Do not run the pipeline with fewer than ~200 inputs per concept. McNemar's test on discordant pairs requires sufficient sample size; with very few inputs, the futility stopping will correctly drop most concepts but you'll miss real biases.
Do not use a significance threshold higher than α = 0.05 without adjusting interpretation. The Bonferroni correction already makes the per-concept threshold conservative.

Error Handling

Too few discordant pairs: If a concept produces <10 discordant pairs across all stages, the test has insufficient power. Report it as "inconclusive" rather than "no bias detected." Suggest increasing the dataset size.
Autorater generates low-quality concepts: If most concepts fail the baseline verbalization filter or produce no discordant pairs, the autorater's prompt may need tuning. Provide more task context (e.g., include the system prompt of the target model) or increase the number of representative samples.
Variation confounds: If the confound filter rejects >50% of generated variations for a concept, the concept may be too entangled with other attributes (e.g., "socioeconomic status" may be inseparable from "education level"). Split it into more specific sub-concepts.
All concepts filtered by futility: This can mean the model genuinely has no detectable biases at the tested sample size, or the concepts were poorly chosen. Re-run with a different autorater or manually add domain-specific concepts to the candidate set.
API rate limits during staged testing: The pipeline makes 2 × inputs × concepts API calls per stage.

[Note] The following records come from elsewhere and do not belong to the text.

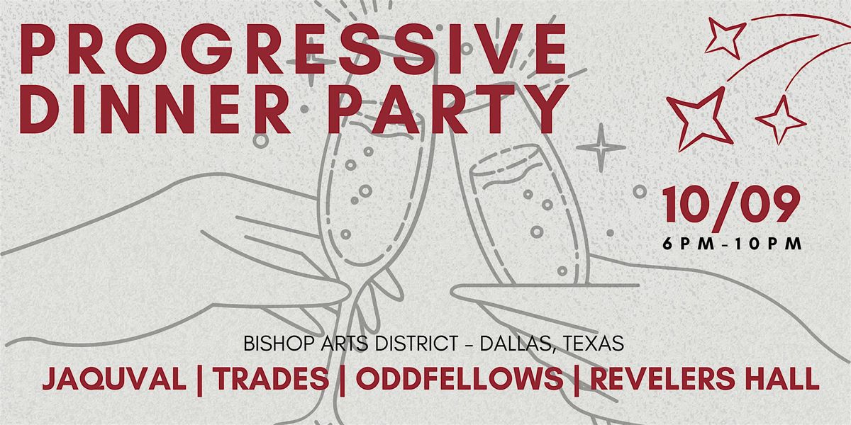 Join us Wednesday, October 9th from 6â10 PM for a flavorful night out in the Bishop Arts District! Weâre bringing together four of the neighborhoodâs most beloved spots for a chef-curated Progressive Dinner experience you wonât forget.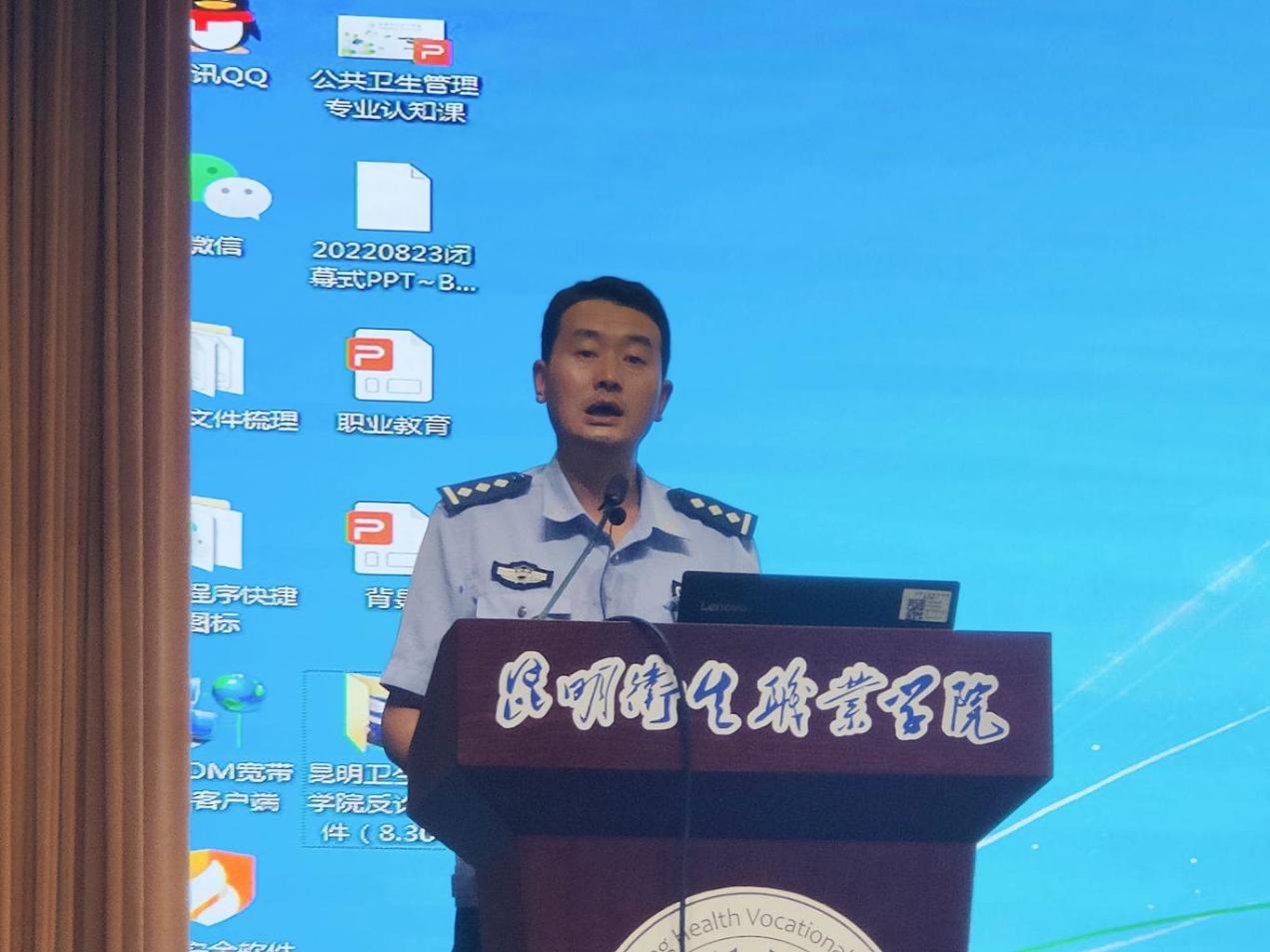 为进一步增强师生安全防范意识,切实保障广大师生利益,8月30日,beat365平台官方网站邀请到昆明市公安局晋宁分局反诈中心民警张俊刚到校为学院师生开展“反诈宣传进校园,护航青春共成长”专题讲座,讲座由学院大学生工作部部长王冬同志主持,昆明市公安局晋宁分局昆阳派出所所长马云坤,学院党委委员、宣传统战部长王斌同志,中国工商银行晋宁支行行长彭翔等领导和嘉宾到场聆听。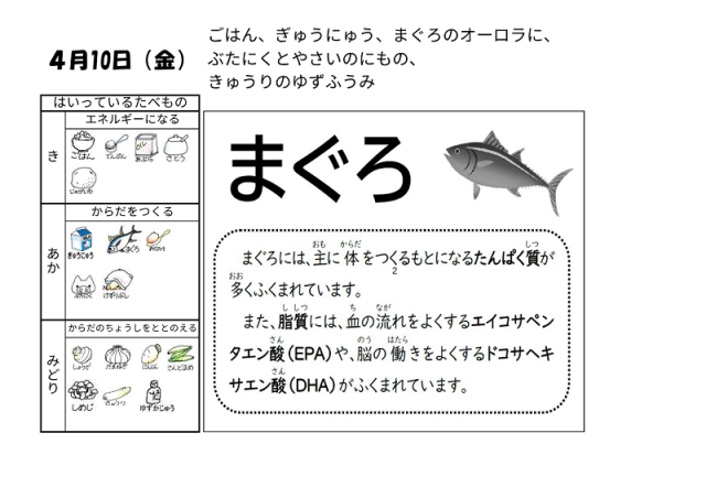 4月10日(金)の給食は「ごはん 牛乳 まぐろのオーロラ煮 豚肉と野菜の煮もの きゅうりのゆず風味」でした。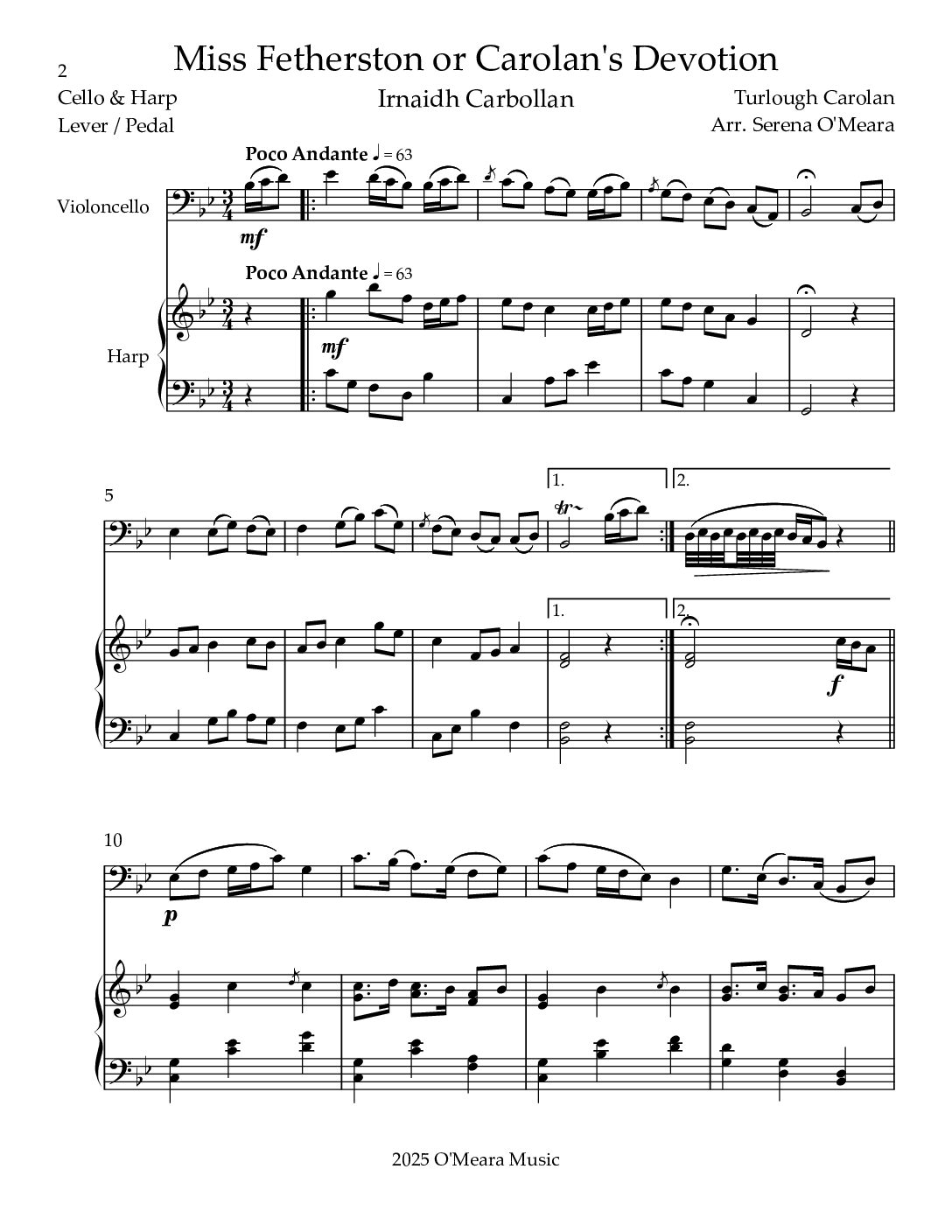 Miss Fetherston or Carolan’s Devotion, Duet for Cello & Harp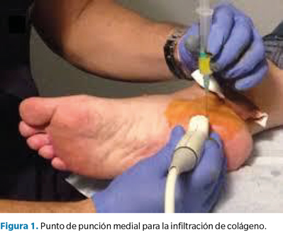 • Grupo A (experimental): infiltración ecoguiada de colágeno. Se aplicó una infiltración de colágeno semanalmente, durante cuatro semanas consecutivas, aplicando un total de cuatro infiltraciones en ambos pies. Todos estos pacientes recibieron la dosis de 1 ml de colágeno en cada pie; las infiltraciones se realizaron hasta completar las cuatro dosis, aunque el paciente refiriera que no tenía dolor tras la primera infiltración (Figura 1).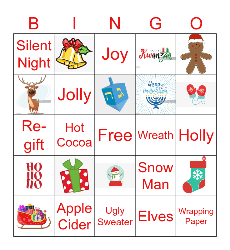 This bingo card has 17 images, a free space and 14 words: Ugly Sweater, Egg Nog, Hot Cocoa, Mistle Toe, Silent Night, Joy, Jolly, Snow Man, Wreath, Elves, Holly, Wrapping Paper, Re-gift and Apple Cider.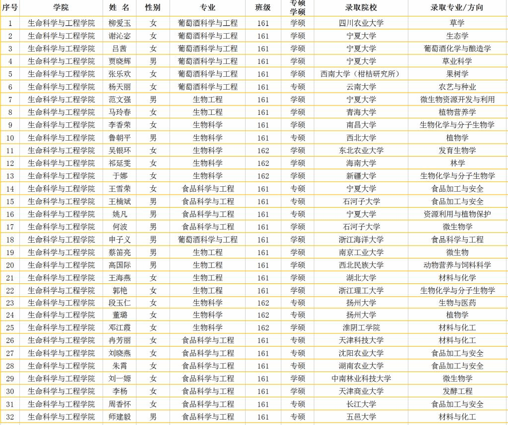 2020年,學(xué)院有畢業(yè)生136人,其中57人報考了“雙一流大學(xué)”的一流大學(xué)建設(shè)和一流學(xué)科建設(shè)等高校的碩士研究生,報考率為41.91%;上線人數(shù)35人,上線率61.40%;除3人因特殊原因自動放棄被錄資格外,其余32人均被錄取,錄取率91.42%。其中,2人分別被一流大學(xué)建設(shè)高校云南大學(xué)和新疆大學(xué)錄取,15人分別被西北大學(xué)、西南大學(xué)和南昌大學(xué)等一流學(xué)科建設(shè)高校錄取,被“雙一流大學(xué)”錄取的錄取率為54.29%,所錄學(xué)校分布于華南、華西、華東、東北和西北各區(qū)共16個省份。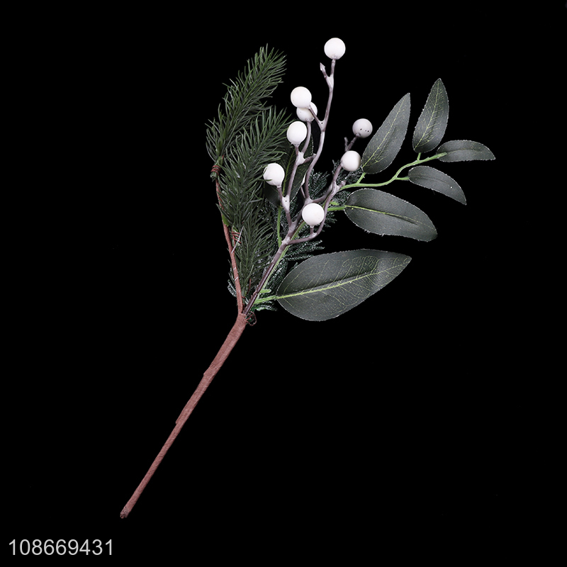 Good selling white berry picks pine cone branch for christmas decoration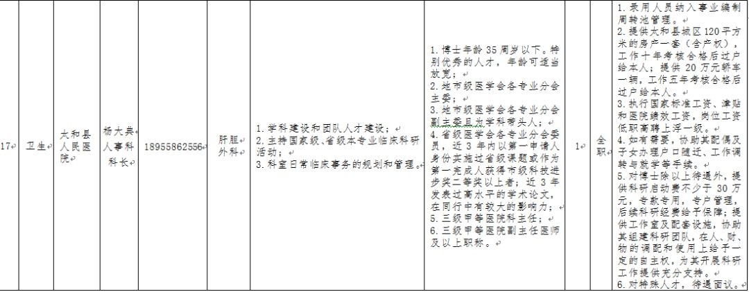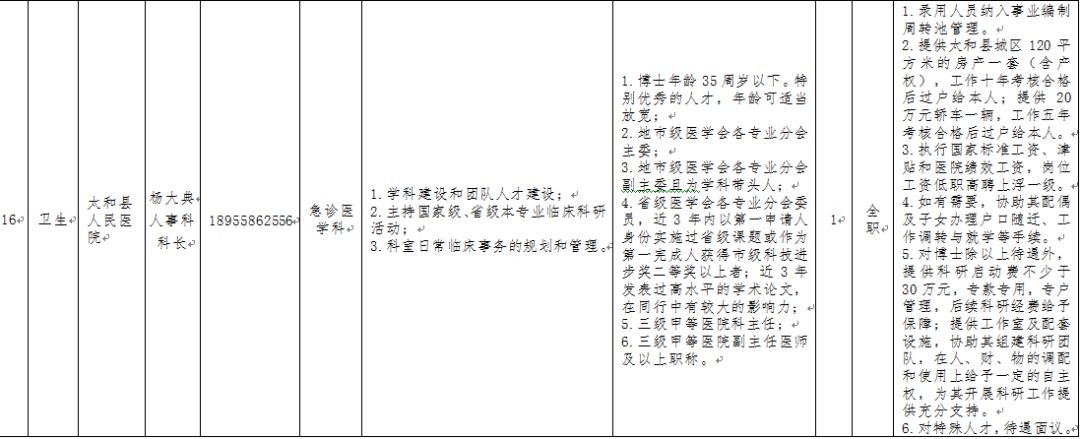 太和县人民医院本次需要引才5人,涉及急诊医学科、肝胆外科等多个科室,本次所录用人员不仅纳入事业编制周转池管理,还提供太和县城区120平方米的房产一套(工作十年考核合格后过户给本人),提供20万元轿车一辆(工作五年考核合格后过户给本人)。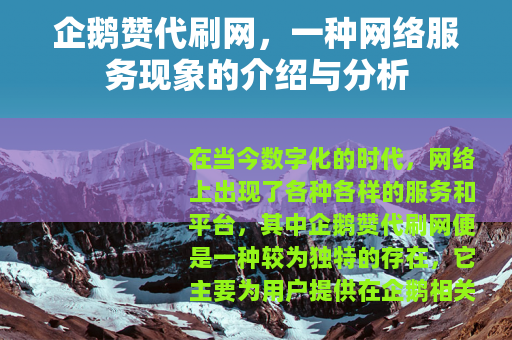 在当今数字化的时代,网络上出现了各种各样的服务和平台,其中企鹅赞代刷网便是一种较为独特的存在,它主要为用户提供在企鹅相关平台上增加点赞数量等服务,在一定程度上满足了部分用户对于社交平台数据增长的需求。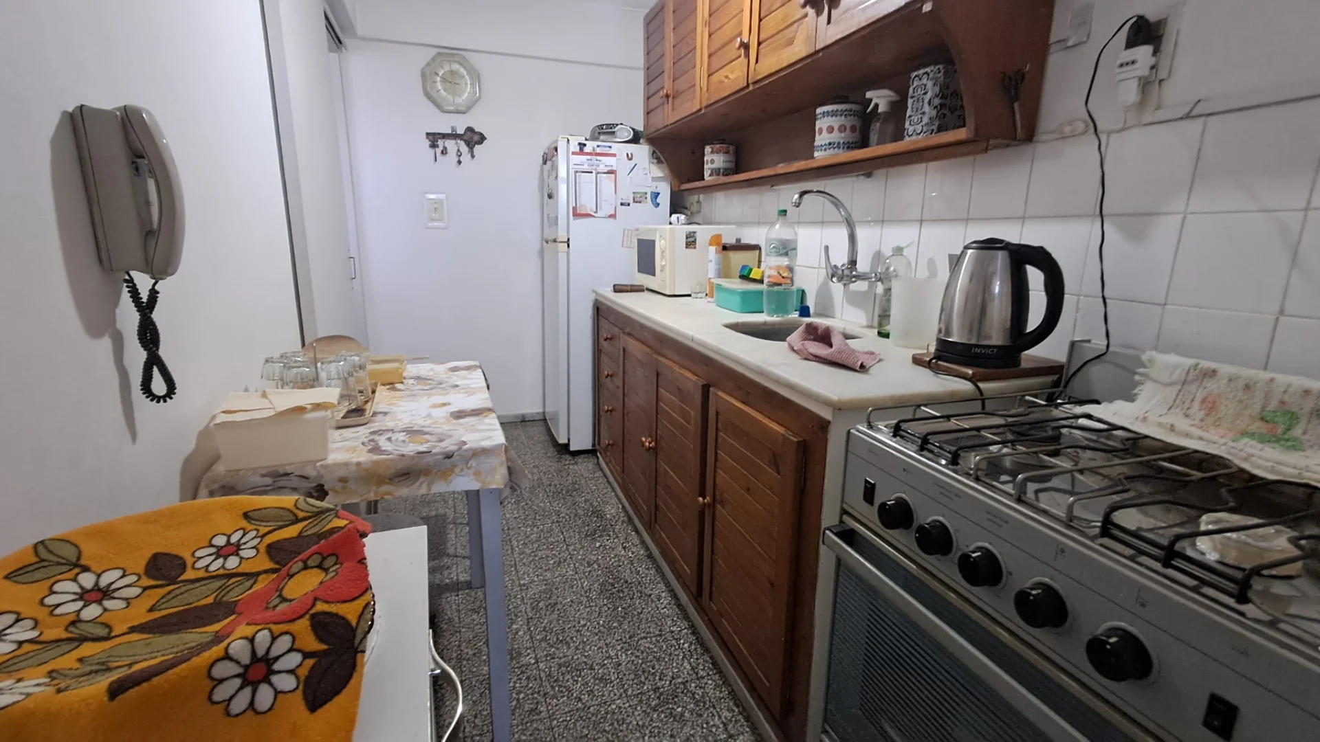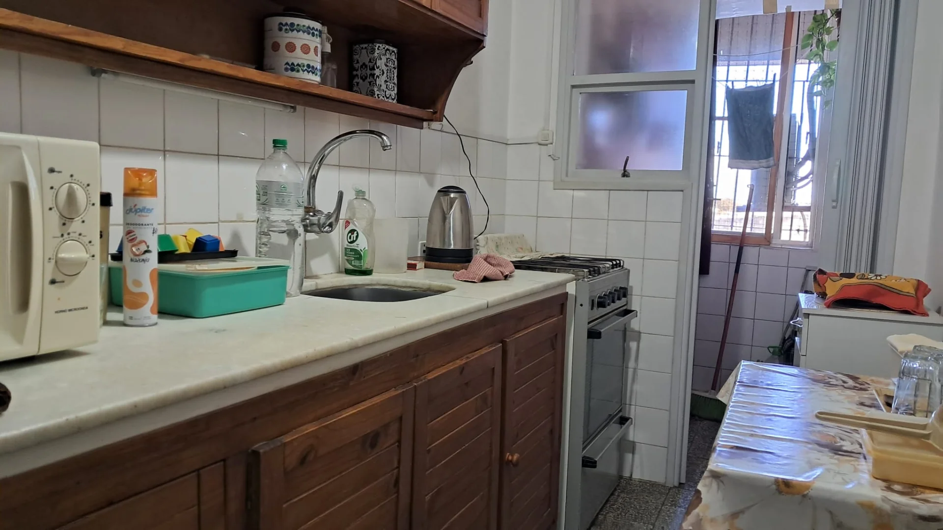 Cocina con mesada de mármol, muebles sobre y bajo mesada en madera y terraza lavadero al frente con lavarropas instalado.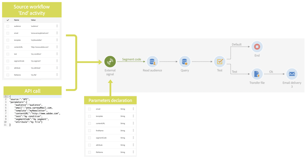 O Campaign Standard permite chamar um fluxo de trabalho com parâmetros (um nome de público-alvo para o target, um nome de arquivo para importar, uma parte do conteúdo da mensagem etc.). Dessa forma, você pode integrar facilmente as automações do Campaign ao sistema externo.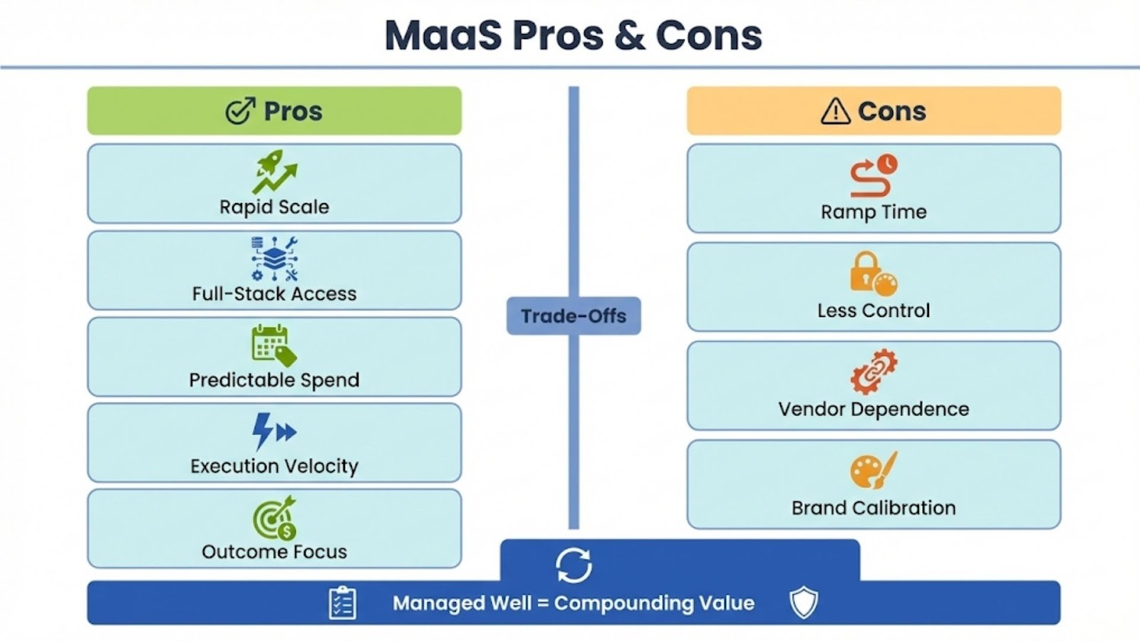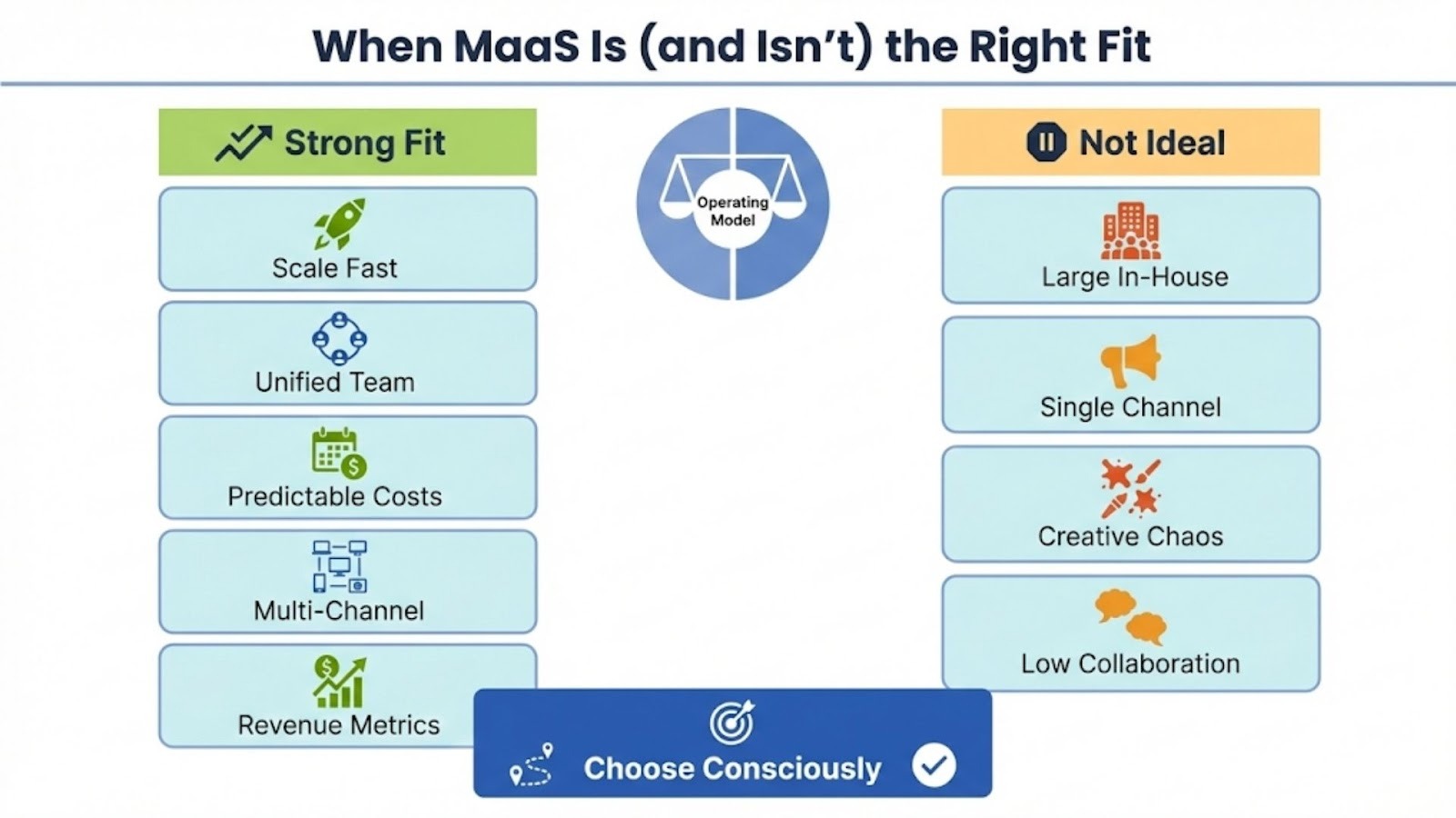 - MaaS is most effective for growth-stage companies that need speed, breadth, and scalability without building or managing a full in-house marketing team.

Implement exponential backoff and consider running stages sequentially rather than in parallel. Budget approximately 4× the dataset size in total API calls across all stages.

Limitations

Binary outcomes only: The pipeline as described works for accept/reject decisions. Extending to continuous scores (1-10 ratings) or rankings requires replacing McNemar's test with a paired continuous test (e.g., Wilcoxon signed-rank).
Black-box only: The pipeline treats the model as a black box. It cannot detect biases that don't manifest in final decisions (e.g., biased intermediate reasoning that gets corrected before the output).
Small effect sizes: Detected effects are typically 1.5-6 percentage points. These are real and statistically significant but may not be practically significant in all contexts. Always report confidence intervals alongside p-values.
Concept coverage is not exhaustive: The autorater generates concepts based on what it considers plausible. Novel or highly domain-specific biases may be missed. The pipeline complements but does not replace domain expert review.
Verbalization checking is approximate: The LLM judge for verbalization detection achieves ~84% accuracy (Cohen's κ = 0.67). Some biases may be misclassified as verbalized or unverbalized.
Cost: Running the full pipeline on a single model with ~2,500 inputs and ~15 concepts requires thousands of API calls to both the target model and the judge models. Budget accordingly.

Reference

Arcuschin, I., Chanin, D., Garriga-Alonso, A., & Camburu, O.-M. (2026). Biases in the Blind Spot: Detecting What LLMs Fail to Mention. arXiv:2602.10117v1. https://arxiv.org/abs/2602.10117v1

Key sections to reference: Algorithm 1 (full pipeline pseudocode), Definition 2.1 (formal unverbalized bias definition), Section 3.2 (statistical testing with O'Brien-Fleming spending and futility stopping), and Appendices for hyperparameter sensitivity analysis.